Output, word for word, each line from the one with "9 мая учащиеся" through the end of the listing below, excluding every picture.

The data
# # #

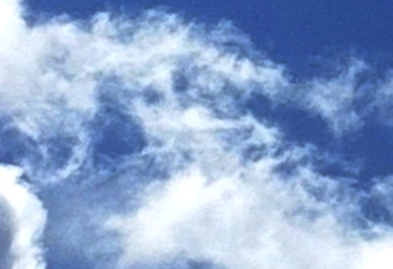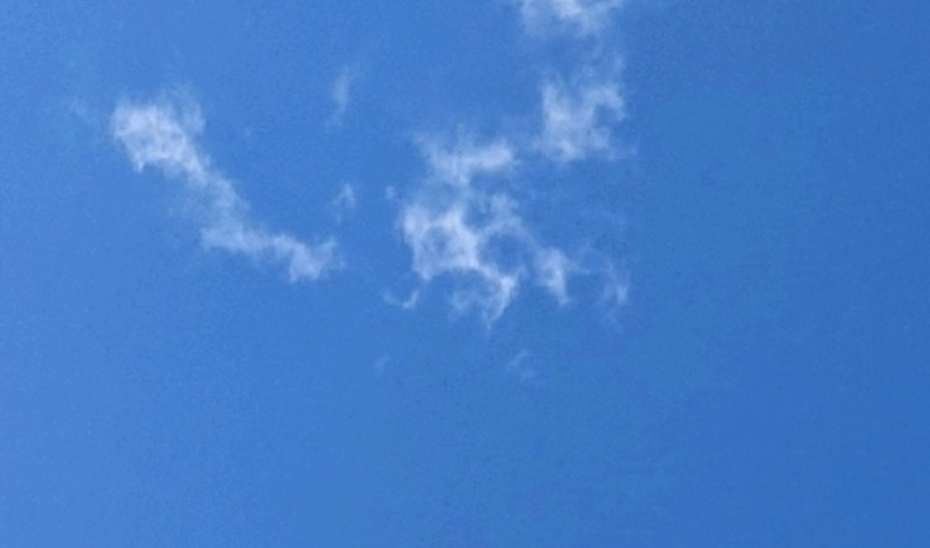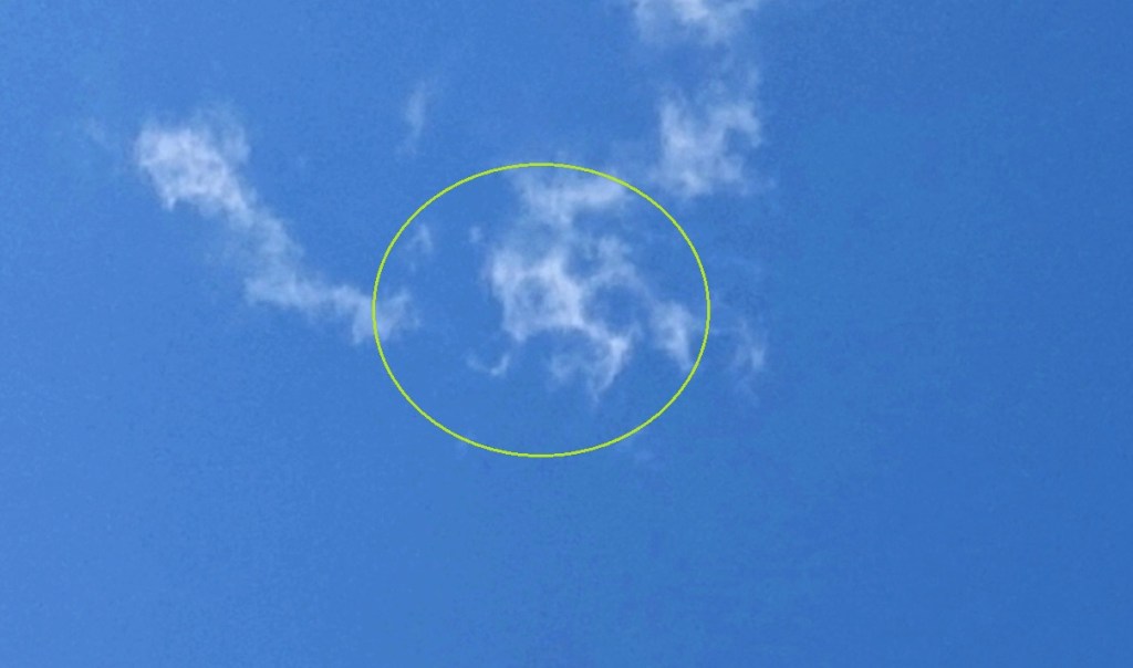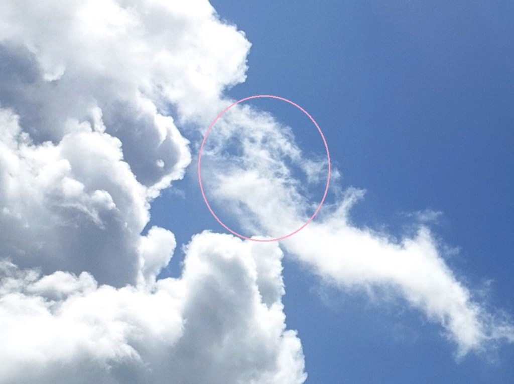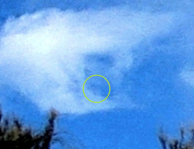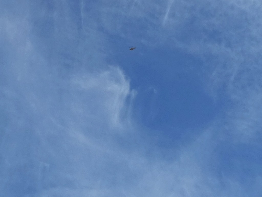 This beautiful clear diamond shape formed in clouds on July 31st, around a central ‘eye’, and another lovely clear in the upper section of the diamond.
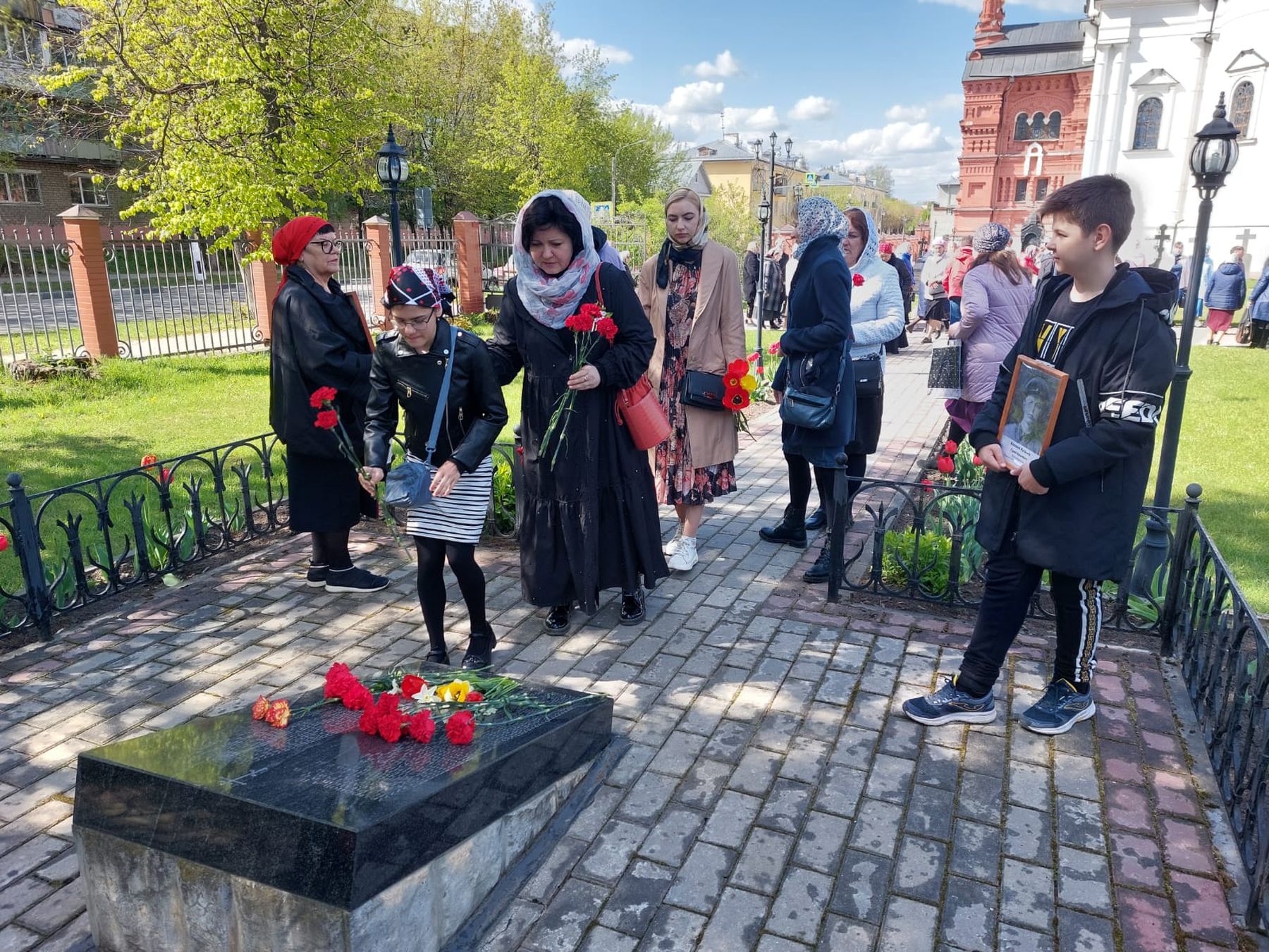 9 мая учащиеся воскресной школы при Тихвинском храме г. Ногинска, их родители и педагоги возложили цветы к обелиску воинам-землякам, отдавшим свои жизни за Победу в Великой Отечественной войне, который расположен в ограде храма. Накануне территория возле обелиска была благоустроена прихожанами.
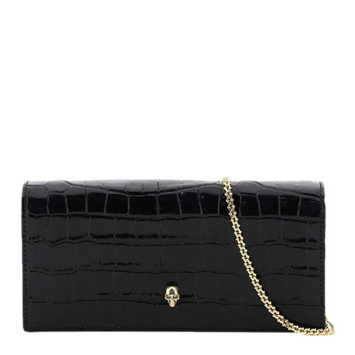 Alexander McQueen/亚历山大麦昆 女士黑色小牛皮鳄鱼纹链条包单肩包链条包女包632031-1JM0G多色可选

# # #

Response area
 9 мая учащиеся воскресной школы при Тихвинском храме г. Ногинска, их родители и педагоги возложили цветы к обелиску воинам-землякам, отдавшим свои жизни за Победу в Великой Отечественной войне, который расположен в ограде храма. Накануне территория возле обелиска была благоустроена прихожанами.
 Alexander McQueen/亚历山大麦昆 女士黑色小牛皮鳄鱼纹链条包单肩包链条包女包632031-1JM0G多色可选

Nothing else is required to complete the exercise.